Su gesto severo en el banquillo de los acusados no dista mucho de su mirada aguda con la que fulminaba homosexuales desde su twitter cuando se discutía en el Congreso la posibilidad de que se abriera la puerta al matrimonio gay.

Mujeres 2

Ahora se enfrenta a penas de cárcel por abuso de menores, luego de ser expuesto gracias a una serie de reportajes que salieron en el diario La Nación en marzo del 2016, justo cuando Víquez gozaba del fuero protector de la Iglesia.

Sin embargo, la exposición de su doble discurso, y de su doble vida, donde por un lado sostenía encuentros homosexuales con adultos y por otro levantaba el dedo acusador para condenar las relaciones entre parejas del mismo sexo, evidenciaron en Víquez una conducta que, nota a nota, reporte a reporte, de otros medios como El Semanario y CRHoy, fueron poniendo en evidencia la conducta del cura.

Ahora está en la silla de los acusados. El testimonio de sus víctimas, ahora adultos, lo ha evidenciado.

La Iglesia, resolvió el asunto expulsándolo, luego de que una investigación eclesiástica, pusiera en evidencia que las actuaciones del cura eran típicas de un abusador sexual, y así lo puso en blanco y negro el cura Luis Fernando Rodríguez en su rol de instructor de la causa que llevó a la expulsión del sacerdote Mauricio Víquez de la Iglesia católica.

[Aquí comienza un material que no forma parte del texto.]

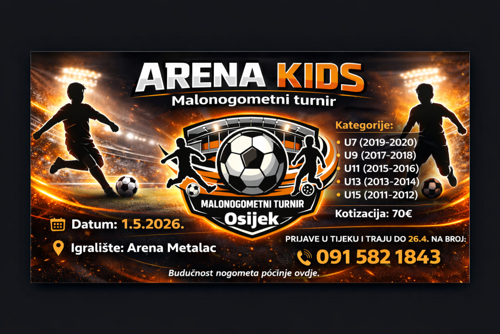 U Osijeku će se1. svibnja održati 11. Arena Kids malonogometni turnir 2026. Turnir je na rasporedu u petak, 1. svibnja 2026. godine, u vremenu od 9 do 19 sati, a igrat će se na igralištu Metalac – Bikara.
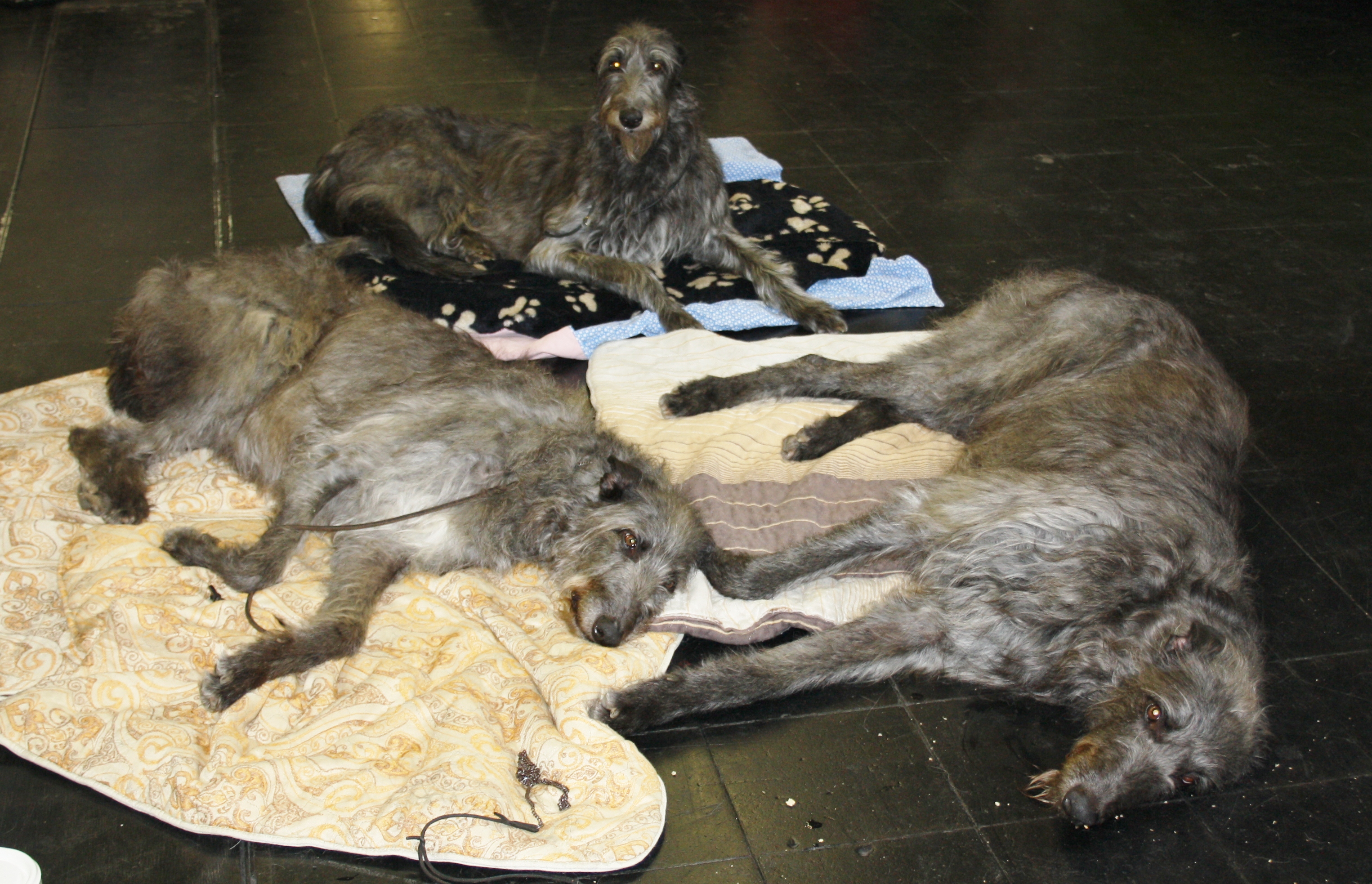 De vrijdagochtend vertrekken we op tijd richting de hallen maar op twee kilometer afstand belanden we in de file. De tijd tikt voorbij maar voortgang maken we nagenoeg niet. Langzaam slaat de paniek toe, om 10.00 uur vangt Dr.Zilli Orietta uit Italië met de Deerhounds aan en het is al half tien geweest! Tijdens het af en toe twee meter naar voren rijden, haal ik mijn tas op wielen met showspullen uit een zijklep van de camper en gooi die in de camper om vervolgens dat er uit te halen dat ik nodig heb om met Calhoun en Cheytah binnen te komen en te kunnen showen. Intussen wordt Sonja gebeld door Eva Petzold die een zeer verontrustend telefoontje van Monika Rhein kreeg waarin deze mede deelde dat aan de andere kant van de weg ongeveer 3 kilometer voor de afrit naar de hallen een vrachtwagen was omgevallen en dat de weg totaal versperd was. Monika staat hier vlak voor en kan geen kant op! Natuurlijk zijn er vele exposanten door dit ongeval zwaar gedupeerd, ook Monika en de Russin Lemyaskina met twee gemelde Deerhounds en zes Ierse Wolfshonden is niet op tijd in de hal. Het zou je maar gebeuren!!! Vreselijk!!! Ik denk dat ik uit de auto was gesprongen en gewoon was gaan lopen, de auto achterlatend. Read the rest of this entry »

“Siendo evidente que existe notoria tendencia patológica del Reverendo Víquez Lizano a buscar en las asignaciones pastorales contactos abusivos con varones en edades de pubertad y adolescencia, con lo cual queda más que claro que el sacerdote en cuestión no es idóneo para el servicio pastoral”, señalaba el documento filtrado al Semanario por un cura de alto rango y confirmado en su veracidad por autoridades de la Iglesia.

Mauricio Antonio Víquez Lizano, de 54 años, fue capturado en Monterrey, México donde se escondió gracias a amigos de la Iglesia.